Can the lines below, from the one that holds "Der er 2 badeværelser" to the very end, be echoed exactly, with both ends included and no pictures?

─── Task data

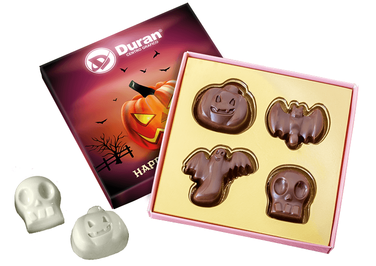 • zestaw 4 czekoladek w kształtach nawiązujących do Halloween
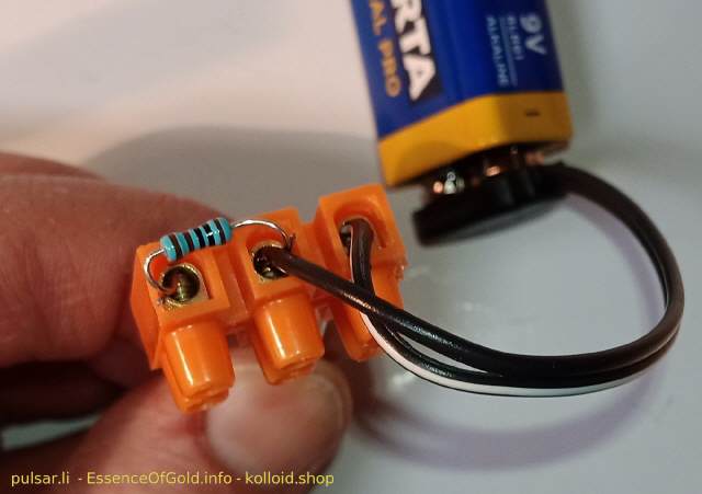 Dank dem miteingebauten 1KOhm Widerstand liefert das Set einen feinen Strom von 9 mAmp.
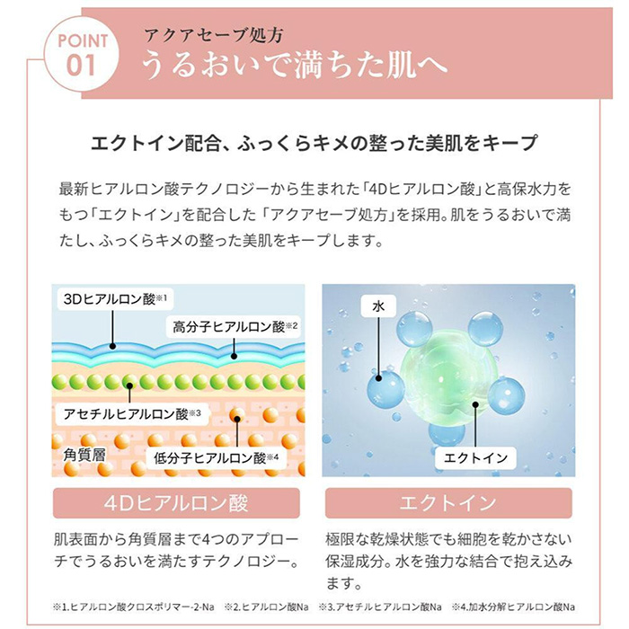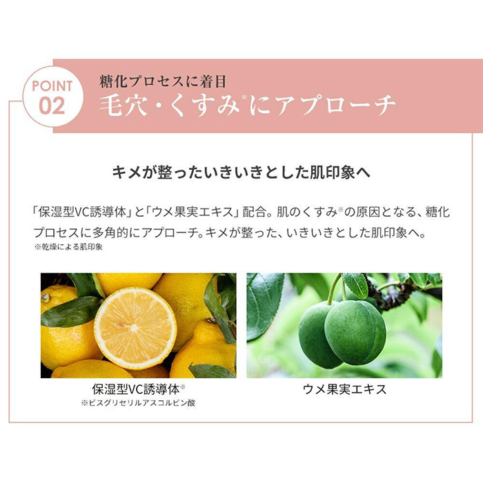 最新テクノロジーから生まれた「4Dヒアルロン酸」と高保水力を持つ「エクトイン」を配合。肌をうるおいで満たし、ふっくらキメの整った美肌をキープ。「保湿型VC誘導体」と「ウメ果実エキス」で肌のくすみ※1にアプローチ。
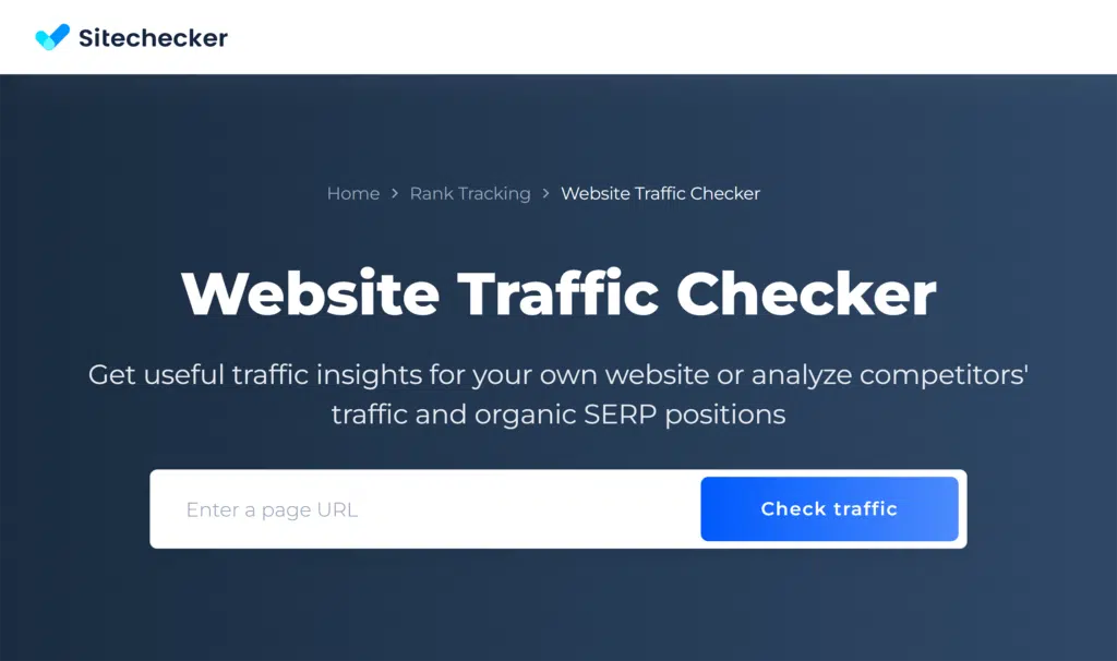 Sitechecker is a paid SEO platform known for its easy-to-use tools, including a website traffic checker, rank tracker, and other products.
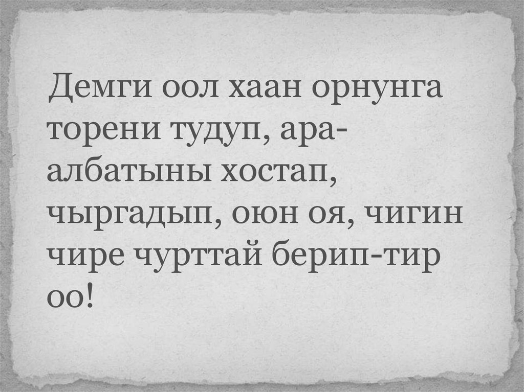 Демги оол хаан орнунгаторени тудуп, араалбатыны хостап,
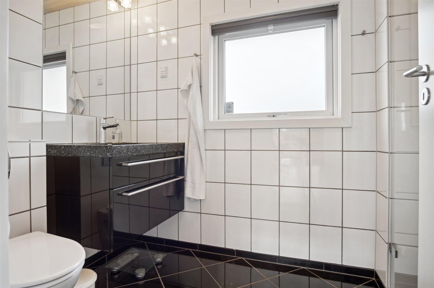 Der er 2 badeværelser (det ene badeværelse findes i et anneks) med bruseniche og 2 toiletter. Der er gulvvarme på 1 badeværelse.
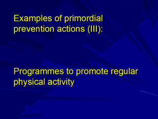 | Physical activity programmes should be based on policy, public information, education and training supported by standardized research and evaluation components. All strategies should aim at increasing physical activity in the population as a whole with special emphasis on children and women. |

──────

(Output):
 Der er 2 badeværelser (det ene badeværelse findes i et anneks) med bruseniche og 2 toiletter. Der er gulvvarme på 1 badeværelse.
 | Physical activity programmes should be based on policy, public information, education and training supported by standardized research and evaluation components. All strategies should aim at increasing physical activity in the population as a whole with special emphasis on children and women. |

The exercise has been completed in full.